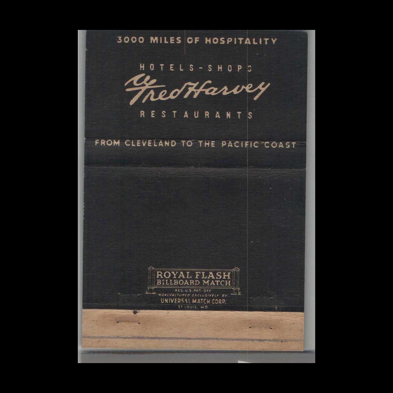 Fred Harvey Restaurants Matchbook Cover Cleveland to West
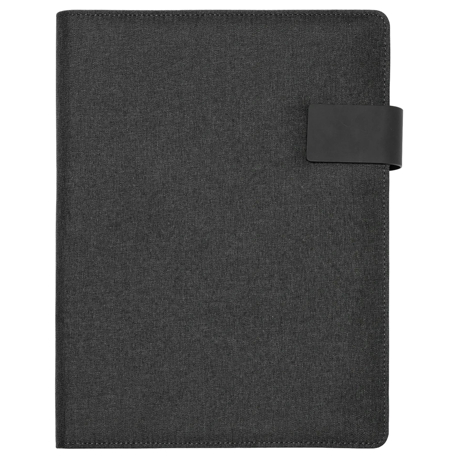Die SAMAR A4-Konferenzmappe aus meliertem RPET-600-D-Gewebe mit Magnetverschluss umfasst einen abnehmbaren Notizblock mit 30 linierten Blättern und 4 Innenfächer mit Stifthalter. Format für die tägliche Organisation von Dokumenten.
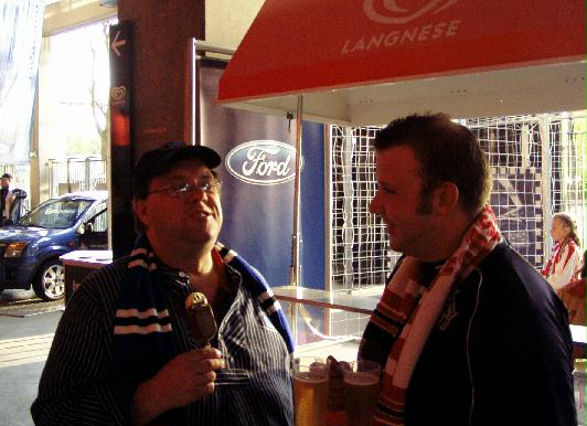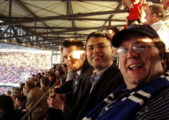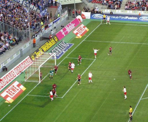 Sagte doch ein Kölner der hinter mir am Fanshop stand: "Was macht eigentlich der Hamburger hier?" Antwort: "Hamburg steht halt immer vorne!" Und dann in der Straßenbahn verabschiedete sich ein Kölnfan von uns: "Tschüß, kommt gut wieder in euer Dorf!" Unsere Antwort: "Wer ist hier das Dorf? Hamburg benötigt wenigstens nicht eine Eingemeindung nach der anderen um Millionenstadt zu sein!" Er konnte sich sein Lachen nicht Verkneifen... |
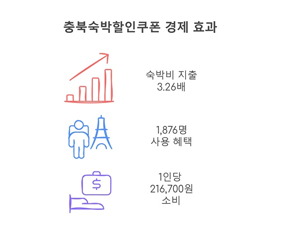 쿠폰 1000장 배포에 대한 숙박비 지출 효과는 약 3.26배, 충북 숙박 시 여행경비는 1인당 평균 21만6700원으로 나타났다.
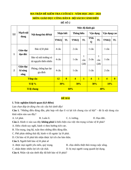 Giáo dục Phòng, chống bạo lực 2 kĩ năng 4 câu 1 câu 1 câu 2 câu gia đình sống Tổng câu 12 0 4 1 4 1 4 0 Tỉ lệ % 30% 30% 30% 10% Tỉ lệ chung 60% 40% ĐỀ BÀI
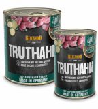 Truthahnfleisch, -leber, -herz, -muskelmagen (63 %); Fleischbrühe von Pute (26,5 %); Reis, gekocht (4 %); Zucchini (4 %); Chiasaat (1 %); Mineralstoffe (1 %); Distelöl (0,5 %)
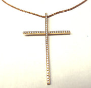 18kt Rose gold pave set round brilliant diamond cross pendant
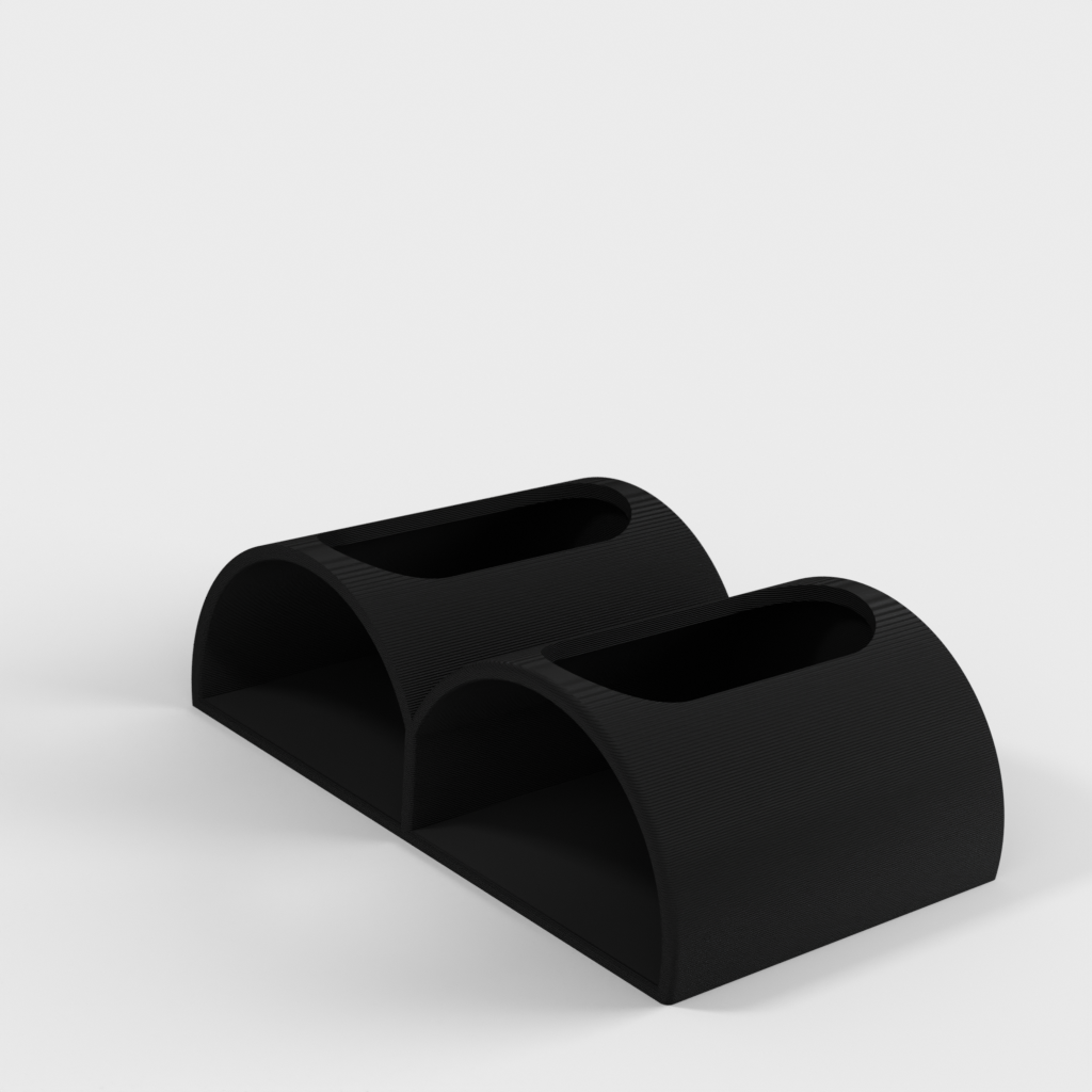Dieser praktische Wandhalter bietet einen festen und übersichtlichen Platz für Ihre Fernbedienungen von Roku TV und Vizio Soundbar. Mit dieser Lösung vermeiden Sie lästiges Suchen und Frust, da Ihre Fernbedienungen immer griffbereit sind. Der Halter wird diskret an der Seite eines Beistelltisches oder einer ähnlichen Oberfläche befestigt, üblicherweise mit doppelseitigem Klebeband. So bleiben Ihre Fernbedienungen griffbereit, aber unsichtbar. Dies trägt zu einem aufgeräumten und organisierten Wohnumfeld bei, in dem Funktionalität auf Ästhetik trifft.

What is required >> If an entry above contains a picture, leave that picture out and copy everything else exactly.

Your response >>
 Fred Harvey Restaurants Matchbook Cover Cleveland to West
Die SAMAR A4-Konferenzmappe aus meliertem RPET-600-D-Gewebe mit Magnetverschluss umfasst einen abnehmbaren Notizblock mit 30 linierten Blättern und 4 Innenfächer mit Stifthalter. Format für die tägliche Organisation von Dokumenten.
 Sagte doch ein Kölner der hinter mir am Fanshop stand: "Was macht eigentlich der Hamburger hier?" Antwort: "Hamburg steht halt immer vorne!" Und dann in der Straßenbahn verabschiedete sich ein Kölnfan von uns: "Tschüß, kommt gut wieder in euer Dorf!" Unsere Antwort: "Wer ist hier das Dorf? Hamburg benötigt wenigstens nicht eine Eingemeindung nach der anderen um Millionenstadt zu sein!" Er konnte sich sein Lachen nicht Verkneifen... |
 쿠폰 1000장 배포에 대한 숙박비 지출 효과는 약 3.26배, 충북 숙박 시 여행경비는 1인당 평균 21만6700원으로 나타났다.
 Giáo dục Phòng, chống bạo lực 2 kĩ năng 4 câu 1 câu 1 câu 2 câu gia đình sống Tổng câu 12 0 4 1 4 1 4 0 Tỉ lệ % 30% 30% 30% 10% Tỉ lệ chung 60% 40% ĐỀ BÀI
 Truthahnfleisch, -leber, -herz, -muskelmagen (63 %); Fleischbrühe von Pute (26,5 %); Reis, gekocht (4 %); Zucchini (4 %); Chiasaat (1 %); Mineralstoffe (1 %); Distelöl (0,5 %)
 18kt Rose gold pave set round brilliant diamond cross pendant
Dieser praktische Wandhalter bietet einen festen und übersichtlichen Platz für Ihre Fernbedienungen von Roku TV und Vizio Soundbar. Mit dieser Lösung vermeiden Sie lästiges Suchen und Frust, da Ihre Fernbedienungen immer griffbereit sind. Der Halter wird diskret an der Seite eines Beistelltisches oder einer ähnlichen Oberfläche befestigt, üblicherweise mit doppelseitigem Klebeband. So bleiben Ihre Fernbedienungen griffbereit, aber unsichtbar. Dies trägt zu einem aufgeräumten und organisierten Wohnumfeld bei, in dem Funktionalität auf Ästhetik trifft.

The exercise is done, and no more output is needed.